### WORK TASK:
Find, in the records below, the line that contains "The soil sample" and the line that contains "Dans la fiche". Copy those two lines and everything between them exactly, but not the pictures.

### EXTRACTED MATERIAL:
┌──

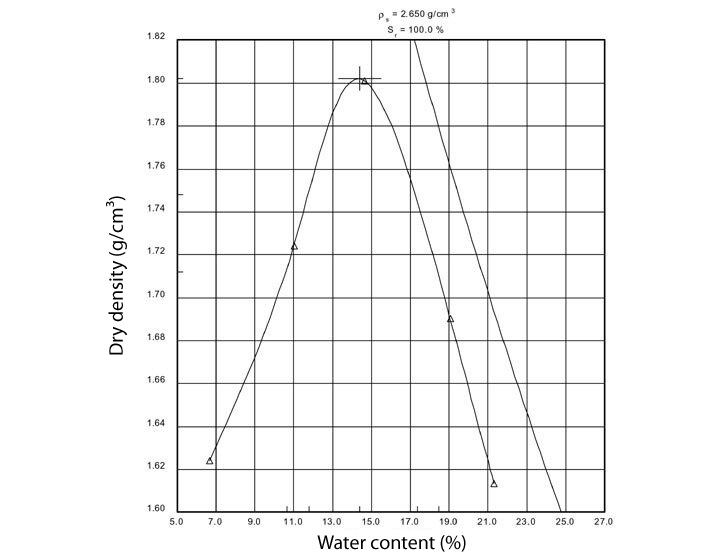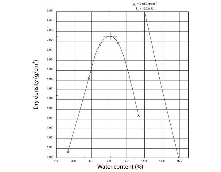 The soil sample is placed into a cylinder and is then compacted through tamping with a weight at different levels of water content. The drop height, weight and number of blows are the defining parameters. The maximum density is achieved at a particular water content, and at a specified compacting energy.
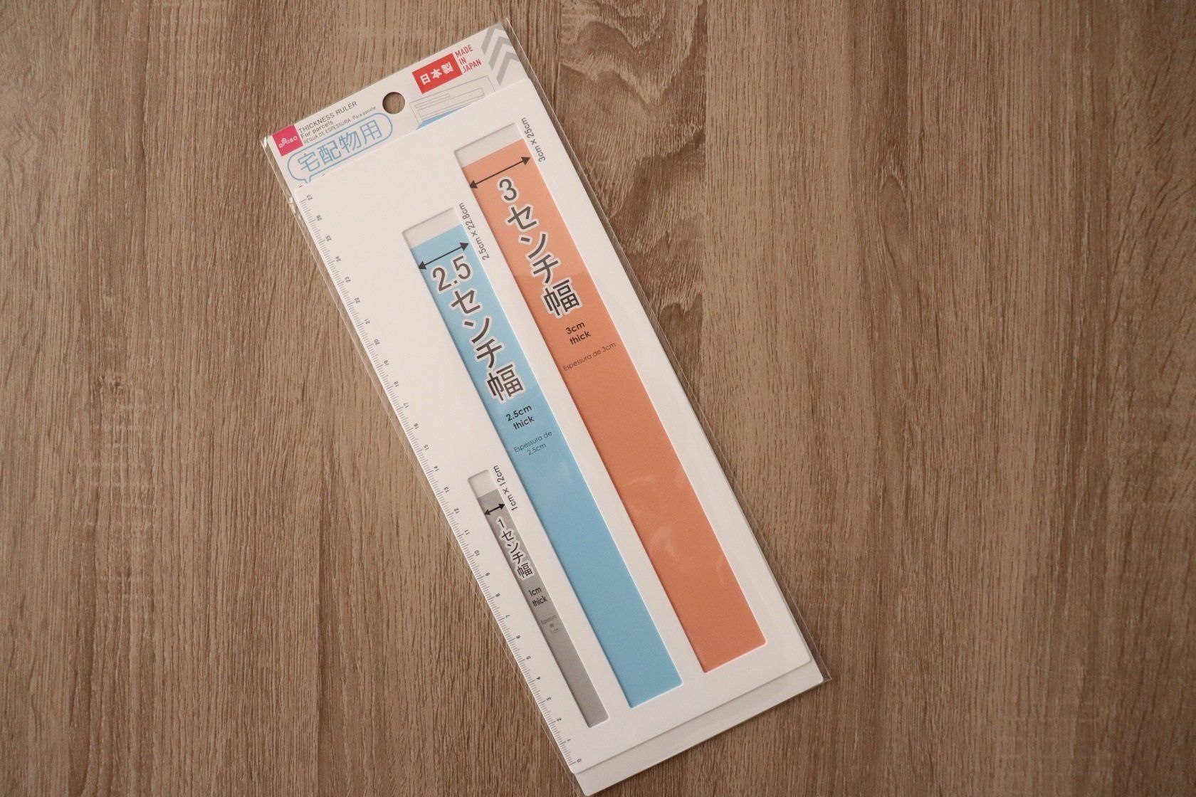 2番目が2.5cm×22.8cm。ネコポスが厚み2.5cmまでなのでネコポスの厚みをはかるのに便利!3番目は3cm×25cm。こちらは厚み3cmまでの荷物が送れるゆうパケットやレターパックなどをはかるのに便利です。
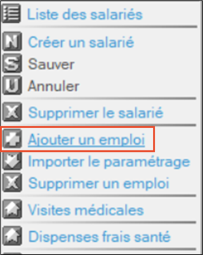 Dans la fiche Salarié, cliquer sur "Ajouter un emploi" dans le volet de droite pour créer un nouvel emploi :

└──
┌──

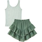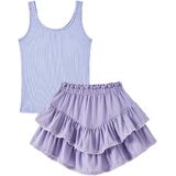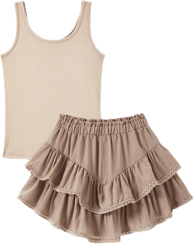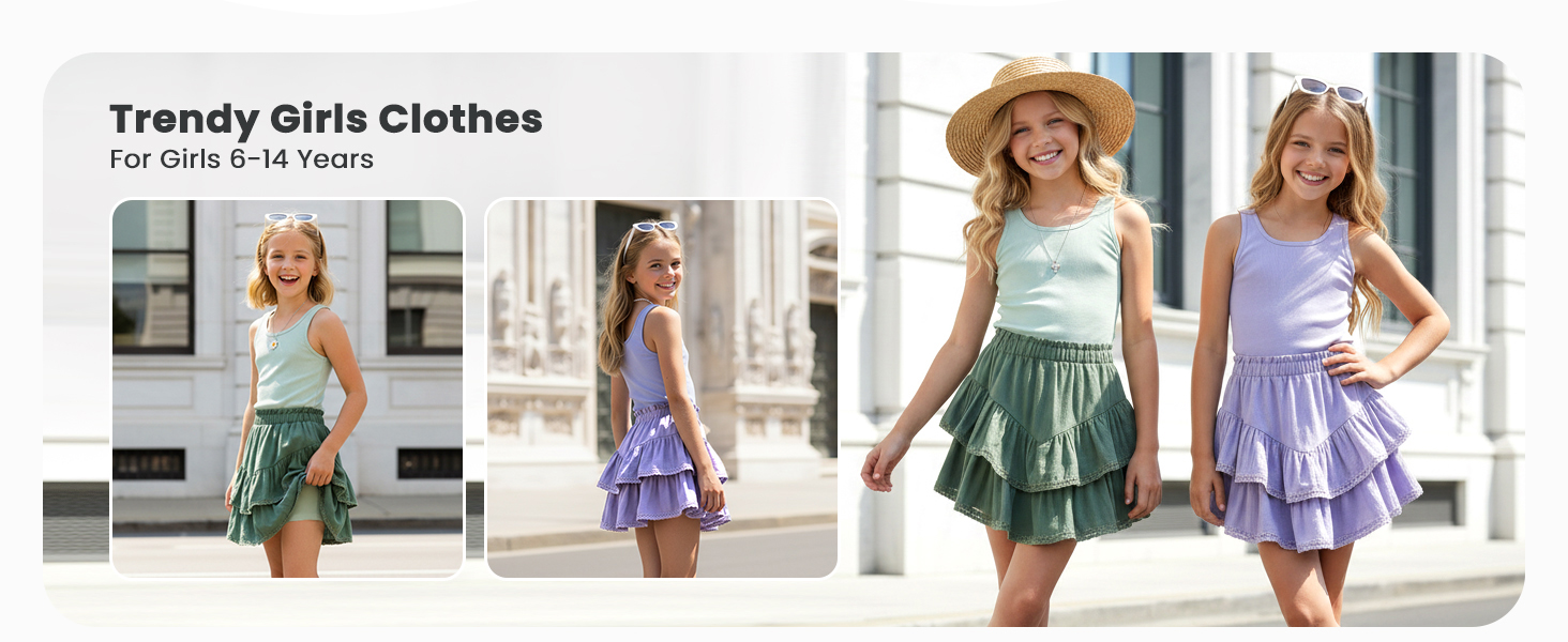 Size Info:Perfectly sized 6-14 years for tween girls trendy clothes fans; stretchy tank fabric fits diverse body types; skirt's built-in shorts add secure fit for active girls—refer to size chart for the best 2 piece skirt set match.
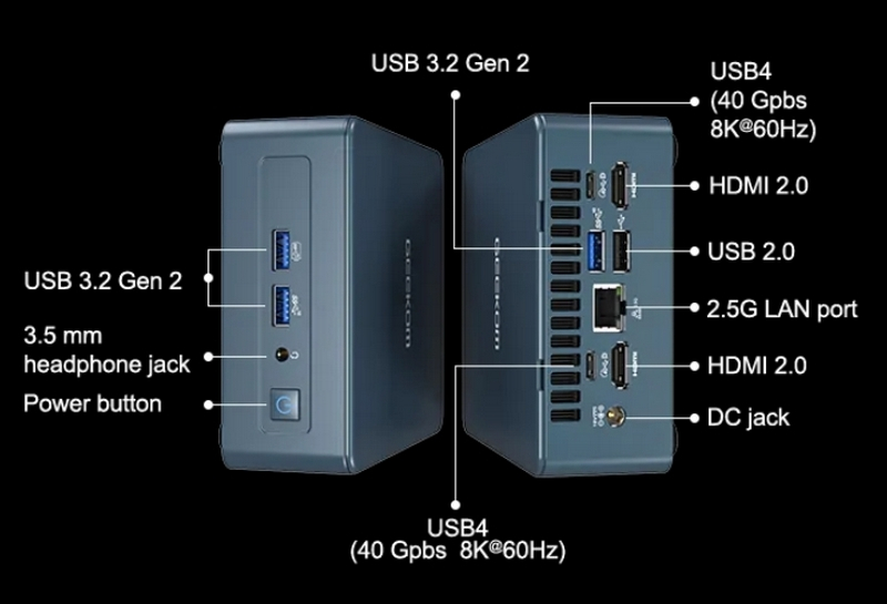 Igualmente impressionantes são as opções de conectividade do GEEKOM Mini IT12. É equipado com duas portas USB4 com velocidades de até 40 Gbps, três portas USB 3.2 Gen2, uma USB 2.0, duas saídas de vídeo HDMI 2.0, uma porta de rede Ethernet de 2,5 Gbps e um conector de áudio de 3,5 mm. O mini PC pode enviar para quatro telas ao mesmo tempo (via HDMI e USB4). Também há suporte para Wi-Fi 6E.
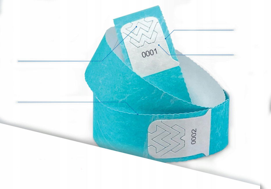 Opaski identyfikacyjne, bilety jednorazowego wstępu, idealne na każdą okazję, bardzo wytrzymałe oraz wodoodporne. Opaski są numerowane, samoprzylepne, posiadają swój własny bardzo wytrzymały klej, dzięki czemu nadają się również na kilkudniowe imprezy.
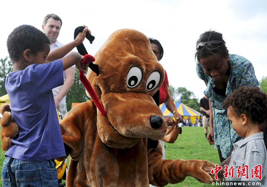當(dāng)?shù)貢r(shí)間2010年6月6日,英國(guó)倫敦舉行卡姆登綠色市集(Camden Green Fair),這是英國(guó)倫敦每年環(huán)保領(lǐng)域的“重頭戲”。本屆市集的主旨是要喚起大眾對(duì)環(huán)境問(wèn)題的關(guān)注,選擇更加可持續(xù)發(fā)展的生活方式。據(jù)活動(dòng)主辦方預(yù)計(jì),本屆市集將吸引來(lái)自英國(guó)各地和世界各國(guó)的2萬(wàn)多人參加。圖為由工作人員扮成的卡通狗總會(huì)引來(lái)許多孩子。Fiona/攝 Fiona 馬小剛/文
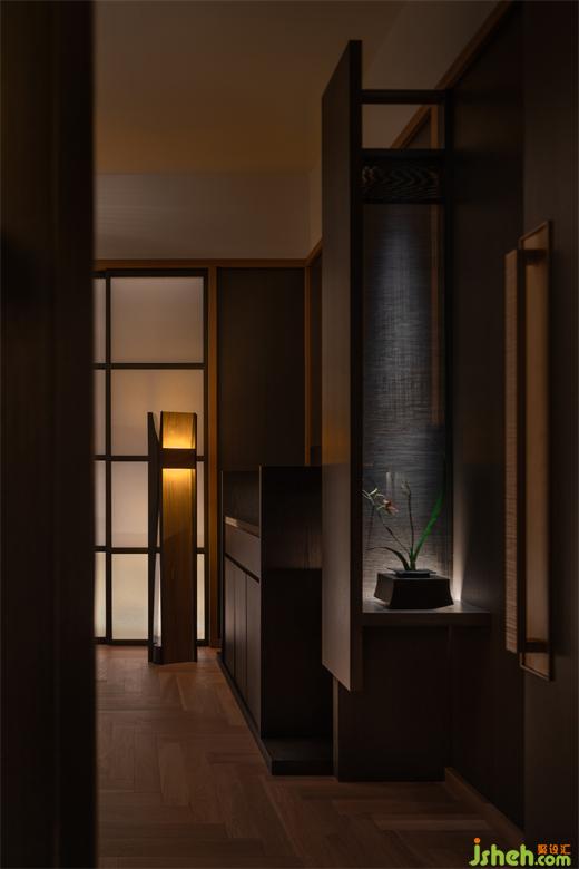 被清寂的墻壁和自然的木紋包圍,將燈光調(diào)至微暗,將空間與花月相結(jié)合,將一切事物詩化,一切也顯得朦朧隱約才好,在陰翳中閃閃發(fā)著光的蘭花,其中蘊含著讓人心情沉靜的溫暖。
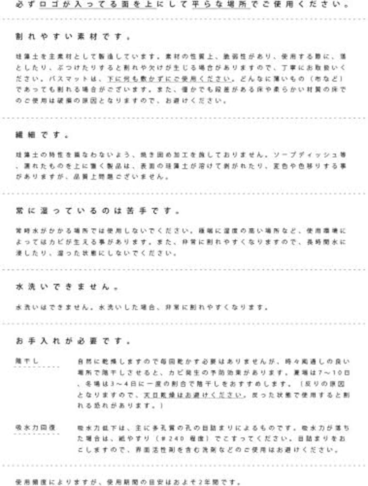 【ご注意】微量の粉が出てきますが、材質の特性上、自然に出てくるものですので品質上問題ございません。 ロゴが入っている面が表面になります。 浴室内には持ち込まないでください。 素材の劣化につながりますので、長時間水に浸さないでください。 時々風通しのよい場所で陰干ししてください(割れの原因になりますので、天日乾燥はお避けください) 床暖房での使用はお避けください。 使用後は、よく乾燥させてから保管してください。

└──

### ANSWER TO THIS PROBLEM:
 The soil sample is placed into a cylinder and is then compacted through tamping with a weight at different levels of water content. The drop height, weight and number of blows are the defining parameters. The maximum density is achieved at a particular water content, and at a specified compacting energy.
 2番目が2.5cm×22.8cm。ネコポスが厚み2.5cmまでなのでネコポスの厚みをはかるのに便利!3番目は3cm×25cm。こちらは厚み3cmまでの荷物が送れるゆうパケットやレターパックなどをはかるのに便利です。
 Dans la fiche Salarié, cliquer sur "Ajouter un emploi" dans le volet de droite pour créer un nouvel emploi :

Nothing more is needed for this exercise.